See also Figure S4 and Tables S5–S7.

Clinical Relevance of EC ELTD1 in Renal, Head and Neck, Colorectal, and Ovarian Cancer

Extensive analysis in head and neck, renal, and colorectal cancers showed predominantly negative/weak positivity in tumor cells. Interestingly, on comparing tumor and normal matched tissues, we observed a clear increase in ELTD1 expression in tumor-associated ECs. Indeed, 89% of renal (110/124 samples) and 82% of colorectal cases (98/119 samples) showed increased EC ELTD1 staining (Figures 4A and 4B; Figures S4C and S4D). EC upregulation was also observed in ovarian cancer, albeit in a small series (Figures 4H and 4I). These findings are consistent with data previously reported in glioma (Dieterich et al., 2012).

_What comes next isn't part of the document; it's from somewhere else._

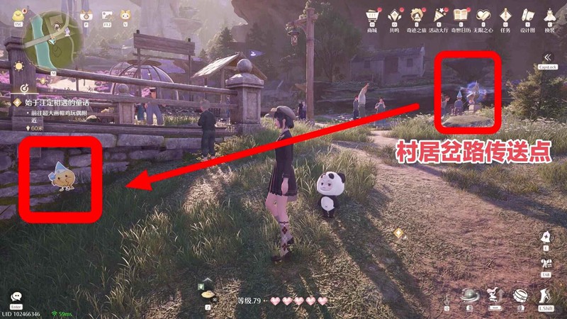 从小石树田村的「村居岔路传送点」前往靠近画帽鸡蹦床这边的桥头
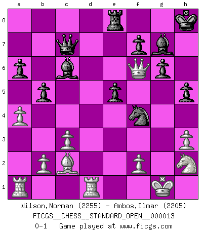Last move : 0-1 2022 April 11 16:38:34 [Event "FICGS__CHESS__STANDARD_OPEN__000013"] [Site "FICGS"] [Date "2022.03.19"] [Round "1"] [White "Wilson,Norman"] [Black "Ambos,Ilmar"] [Result "0-1"] [WhiteElo "2255"] [BlackElo "2205"] 1.e4 e5 2.Nf3 Nc6 3.Bb5 a6 4.Ba4 Nf6 5.O-O Be7 6.Re1 b5 7.Bb3 d6 8.c3 O-O 9.h3 Nb8 10.d4 Nbd7 11.Nbd2 Bb7 12.Bc2 Re8 13.Nf1 Bf8 14.d5 c6 15.dxc6 Bxc6 16.Ng3 Qc7 17.Bg5 h6 18.Bxf6 Nxf6 19.Nh2 d5 20.exd5 Nxd5 21.Qg4 Nf4 22.Nh5 Nxg2 23.Nf6+ Kh8 24.Nxe8 Rxe8 25.Red1 Nf4 26.a4 h5 27.Qf5 g6 28.Qf6+ Bg7 0-1 Ruy Lopez : Closed Kingside Castling by player White (move 5) Kingside Castling by player Black (move 8) Player Black won this chess game. Follow this game move after move (download)The Chess pieces are the block alphabet which shapes thoughts; and these thoughts, although making a visual design on the chessboard, express their beauty abstractly, like a poem. (Marcel Duchamp) Ich organisiere ein großes Turnier, was mich etwa 120000 Dollar kostet. Ich denke, das ist das erste Mal in der Schachgeschichte, daß ein Schachgroßmeister auch als Mäzen auftritt. (Miguel Najdorf) ¡Examina movidas que hagan daño! Un buen ojo for movidas desvastantes es mucho mas importante que el conocimiento de principios estratégicos. (Purdy) Les échecs, c'est l'art d'analyser. (Mikhail Botvinnik) Life is painting a picture, not doing a sum. (Oliver Wendell Holmes, Jr.)

Interestingly, higher EC ELTD1 levels significantly correlated with increased MVD in renal, head, neck, and colorectal cancer (Figure S4F), suggesting an involvement in tumor angiogenesis. Furthermore, expression profiling of HNSCC cases showed a significant inverse correlation between ELTD1 messenger RNA (mRNA) levels and a published hypoxia signature (Buffa et al., 2010) or the hypoxia-inducible gene CA9 (Figure S4G), possibly suggesting better perfusion of tumors with high ELTD1.

In renal cancer, higher ELTD1 scores in tumor-associated ECs correlated with smaller tumor size (Table S5; p = 0.03) and improved cancer-specific (Figure 4C) and overall survival (Figure S4A). Notably, analyzing the differential score between tumor-associated and normal ECs gave similar results, with bigger differences correlating with smaller tumor size (p = 0.02) and improved cancer-specific survival (Figure 4D). In HNSCC (Figures 4E and 4F), higher EC ELTD1 expression identified less aggressive tumors, correlating with lower UICC stage (p = 0.02), less perineural invasion (p = 0.03), borderline trend toward lower pT value (p = 0.08; Table S6), and improved overall survival (Figure 4G). Colorectal cancer showed borderline significant associations between the highest EC ELTD1 scores (score 4) and tumor differentiation status (p = 0.05; Table S7) and improved overall survival (Figure S4E). Finally, higher EC ELTD1 significantly correlated with improved overall survival in ovarian cancer (Figure 4J). These results demonstrate clinical relevance across four different tumor types and identify a potential role for EC ELTD1 in cancer biology.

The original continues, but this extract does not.